Allah SWT berfirman :
الْيَوْمَ أَكمَلْتُ لَكُمْ دِيْنَكُمْ وَ أَتْمَمْتُ عَلَيْكُمْ
نِعْمَتِيْ وَرَضِيْتُ لَكُمْ الإِسلاَمَ دِيْنًا...ج (سورة المائدة :
3)
“pada hari ini telah Kusempurnakan untuk kamu agamamu, dan telah
Ku-cukupkan kepadamu nikmat-Ku, dan telah Ku-ridhai Islam itu jadi agama
bagimu...” (QS. Al- Maidah : 3)
Agama Islam adalah
agama yang sempurna, yang sempurna dengan segala sesuatu yang berkaitan dengan
kehidupan manusia. Al-Qur’an telah mengatur segala sesuatu yang terkait dengan
urusan dunia dan urusan akhirat. Hal ini tertuang dalam Al-Qur’an dan Hadits yang merupakan sumber pedoman
hidup manusia.
Allah SWT berfirman :
وَمَنْ يَبْـتَغِ غَيْرَ
الْإِسلاَمِ دِيْنًا فَلَنْ يُقْبَلَ مِنْهُ وَهُوَ فِيْ الأَخِرَةِ مِنَ
الخَاسِرِيْنِ (سورة المائدة :8 )
"Barangsiapa mencari
agama selain agama Islam, maka sekali-kali tidaklah akan diterima (agama itu)

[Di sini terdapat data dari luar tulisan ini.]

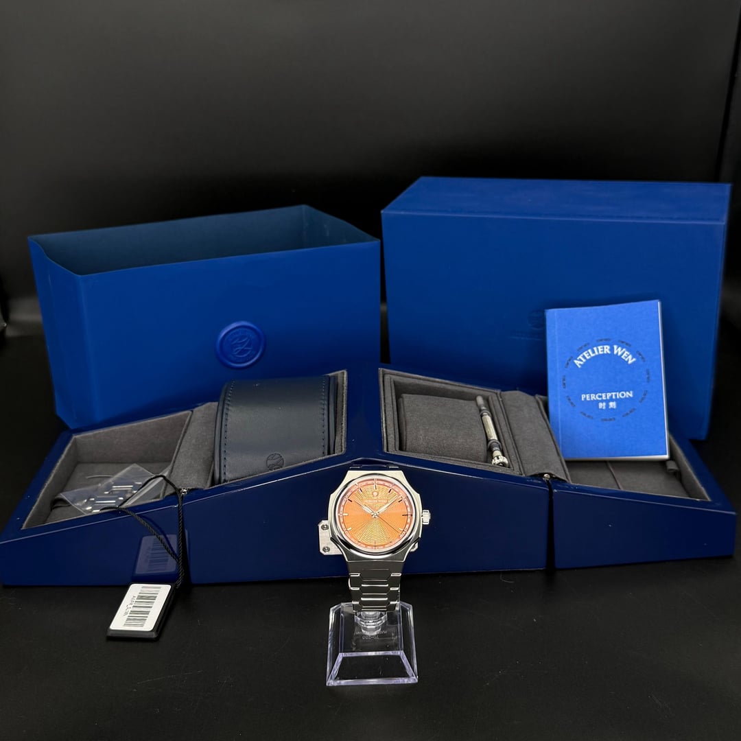 Available is the Atelier Wen Perception Salmon Dial Asking $2950 + shipping (add $75 for my label) Local Orlando This piece sold out in a hurry and it’s no surprise why. Each on of these intricate guilloche dials takes 8 hours to produce and in my opinion it is time well spent The 40mm case contours around the wrist perfectly at only 9.4mm thick and is incredibly comfortable on the integrated bracelet. [Video](https://imgur.com/a/q4EXhmL) [Timestamp](https://imgur.com/a/DuufdWV) [Instagram](https://www.instagram.com/jamesthewatchguy?igsh=a2pxZG16bzhmdHU5&utm_source=qr) Contents: Double Boxed - really cool unfolding mechanism 2024 dated papers Travel case Tool Cleaning cloth Full links Condition: Excellent condition Clean crystal Running well on timegrapher Buyer perks and protections: Open to trades 3rd party escrow and authentication available 12 month trade ins and buy backs Timegrapher testing to make sure your watch is working correctly and not in need of a service Overnight insured shipping anywhere in continental US I’m quick to respond and easy to get a hold of -James The Watch Guy jamesthewatchguy.com

daripadanya, dan Dia di akhirat termasuk orang-orang yang merudi”
Salah satu hal penting
sebagai bukti bahwa Islam merupakan satu-satunya agama yang benar dan cocok
dijadikan sebagai pedoman hidup manusia adalah dengan adanya keselarasan antara
agama Islam dengan ilmu pengetahuan, sehingga bisa dicapai titik temu antara
keduanya. Bahkan, selain sebagai pedoman hidup,
Al-Qur’an dan Hadist merupakan sumber ilmu pengetahuan.
Al-Qur’an diturunkan
kepada Nabi Muhammad SAW merupakan mukjizat yang paling besar pengaruhnya,
isinya selalu relevan dengan kehidupan, serta ilmu-ilmu yang terkandung di
dalamnya merupakan anugerah bagi manusia.

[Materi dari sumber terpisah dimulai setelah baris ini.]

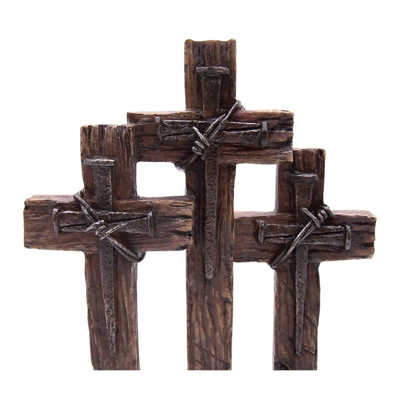- The arrangement of the three crosses evokes the powerful imagery of Calvary, making it a meaningful addition to any Christian home or sacred space. This piece serves as a constant reminder of faith, sacrifice, and redemption, bringing a sense of peace and spiritual reflection to your environment

Salah satu kemu’jizatan atau keistimewaan Al-Qur’an adalah hubungannya
dengan sains dan ilmu pengetahuan, begitu pentingnya sains dan ilmu pengetahuan
dalam Al-Qur’an sehingga Allah menurunkan ayat yang pertama kali yang berkaitan
dengan sains yaitu Surah Al-‘ Alaq ayat 1-5.

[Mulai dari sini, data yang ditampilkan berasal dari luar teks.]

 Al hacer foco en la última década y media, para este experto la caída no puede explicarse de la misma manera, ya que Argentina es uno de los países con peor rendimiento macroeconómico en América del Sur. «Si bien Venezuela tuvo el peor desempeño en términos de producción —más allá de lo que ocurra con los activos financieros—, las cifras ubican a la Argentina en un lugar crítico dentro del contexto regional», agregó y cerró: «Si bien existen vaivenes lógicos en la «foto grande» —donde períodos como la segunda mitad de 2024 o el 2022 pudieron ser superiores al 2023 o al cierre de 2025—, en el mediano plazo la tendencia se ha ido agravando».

إِقْرَأْ بِاسْمِ رَبِّكَ الَّذِيْ
خَلَقَ●خَلَقَ الْإِنْسَانَ مِنْ عَلَقَ●اِقْرَأْ وَرَبُّكَ الأَكْرَمُ●الَّذِيْ عَلَّمَ بِالْقَلَمِ●عَلَّمَ الْإِنْسَانَ مَا لَمْ
يَعْلَمْ● (سورة العلق : 5-1)
" Bacalah dengan
(menyebut) nama Tuhanmu yang
menciptakan. Dia telah manusia dari segumpal darah. Bacalah dan Tuhanmulah yang
maha mulia. Yang mengajar (manusia) dengan pena. Dia mengajarkan
manusia apa yang tidak diketahuinya. (Surah
Al-‘Alaq : 1-5 )
Menurut
Joseph kecerdasan dalam arti umum adalah suatu kemampuan umum yang membedakan
kualitas orang satu dengan orang yang lain, kecerdasan intelektual lazim
disebut dengan inteligensi. Intelegensi menurut Sudrajat, intelegensi terbagi
menjadi dua kelompok, pertama adalah dengan istilah g factor yang biasa
disebut dengan kemampuan kognitif yang
dimiliki secara individu, misalnya kemampuan mengingat dan berpikir, yang kedua
adalah intelegensi yang dipengaruhi oleh lingkungan sekitarnya.
Kita sebagai Manusia
harusnya selalu mensyukuri nikmat yang diberian oleh Allah. Contohnya kita
telah dibekali Allah oleh akal fikiran
yang sempurna, dan intelektualitas yang cerdas. Seperti daya ingat yang tajam,
sistematika dalam berpikir dan bisa merumuskan persoalan, menyikapi persoalan
secara simpel dan lain sebagainya, seperti kemampuan untuk menghafal Al-Qur’an
dan Hadits serta beberapa rumusan berpikir dalam ilmu pengetahuan.
Maha benar Allah
dengan segala firmannya. Allah menyatakan bahwa Al-Qur’an adalah penawar. Benar
adanya bahwa Al-Qur’an adalah penawar untuk orang-orang yang beriman.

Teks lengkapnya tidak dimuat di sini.